Bangladesh opens negotiations with the World Bank in few days for a US$500 million worth of budget support with a greater goal of economic recovery, officials said Friday.
The budget-support credit, embedded on green growth, will be the first of its kind during the post-uprising interim government headed by Prof Muhammad Yunus, they said.
"We will sit for negotiations with the WB later next week. We are hopeful of getting a good result from the next meeting," a senior Economic Relations Division (ERD) official told the FE on Thursday.
Their expectations are that the credit from the global lender would be confirmed and disbursed by December for advancing Bangladesh's green and sustainable economic growth.
The World Bank has already shown its eagerness to work with this interim government offering higher supports to different policy and structural reforms and programmes.
The assured budget support would be a second tranche of the Green and Climate-Resilient Development (GCRD) credit from the Washington-based global lender.
Earlier on April 27 last year, the Bank provided $500 million worth of credit to Bangladesh government under the 1st tranche of the GCRD Development Policy Credit (DPC) programme.
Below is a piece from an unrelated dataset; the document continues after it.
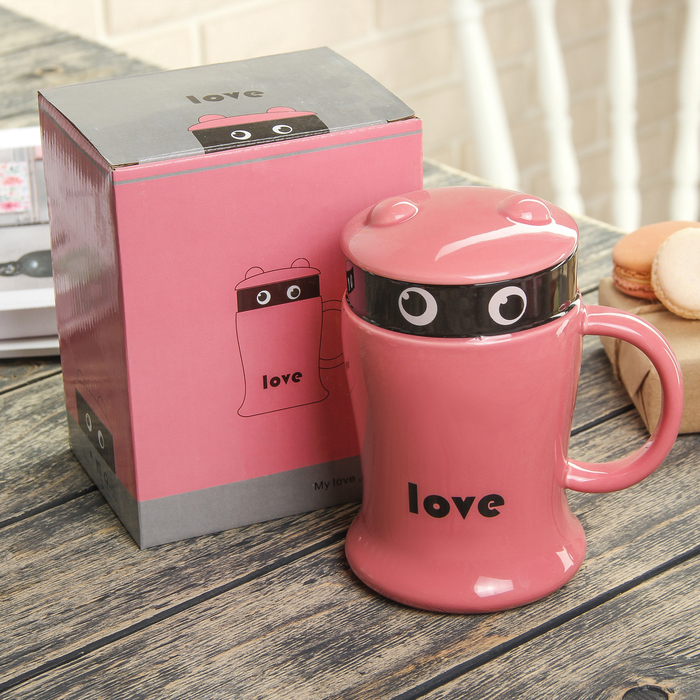 Кружка 600 мл "Ниндзя", с керамической крышкой, цвета МИКС

A WB official has said: "The negations will be held within this week. The loan could be confirmed and disbursed by this yearend."
A Ministry of Finance (MoF) official said the WB earlier assured of providing $250 million as budget support under the 2nd tranche of the GCRD programme.
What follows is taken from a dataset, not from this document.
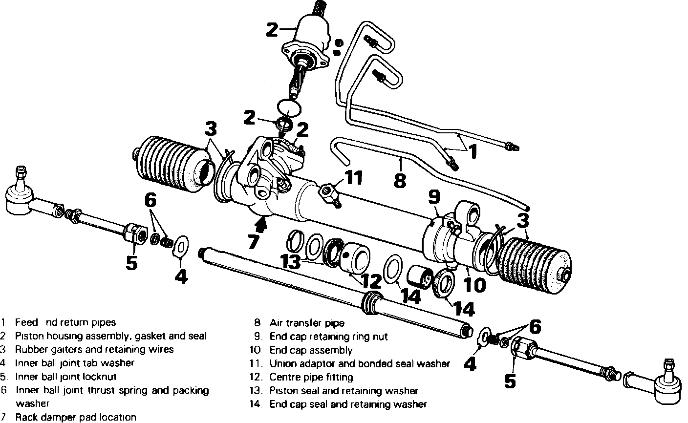 b. Remove hose clips securing outer ends of boots to tie rods.

"But we had requested the WB during the last IMF-WB Annual Meeting in Washington to double the credit amount as Bangladesh needs foreign-exchange support for its economic recovery."
He said the World Bank had given them a positive response. "We hope that all the terms and conditions will be settled in the next meeting later this week. And then the $500 million loan will be received by next month," he added, thanking the WB authorities for the overtures.
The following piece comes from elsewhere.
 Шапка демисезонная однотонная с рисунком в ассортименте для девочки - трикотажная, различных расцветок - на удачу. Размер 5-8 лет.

Meanwhile, the government is also working to get more budget support from the global lender to give a fillip to the economic-recovery programmes as the country's foreign-exchange reserves came down to some $20 billion in recent months from a high of $47 billion two years ago.
Experts say massive money laundering and bill payments to the costly private-sector power plants for purchasing electricity had affected the country's foreign reserves.
The 1st GCRED DPC was a result-based policy loan where the WB tagged some conditions.
Among the dos, the government has to ensure 7.0-percent bids in public procurement to come from women-owned businesses, approximately 5.0-percent reduction in households using solid fuels as primary cooking fuel, 67-percent reduction in public expenditure in fuel subsidies for diesel, heavy fuel oil (HSFO) and octane, 1000 GWh of cumulative energy savings from the DPC-supported energy-efficiency policies, reduction in liquid fuel (HSD and HSFO) used annually for power generation (1.67 million tonnes), and 30 new municipalities with water-tariff models.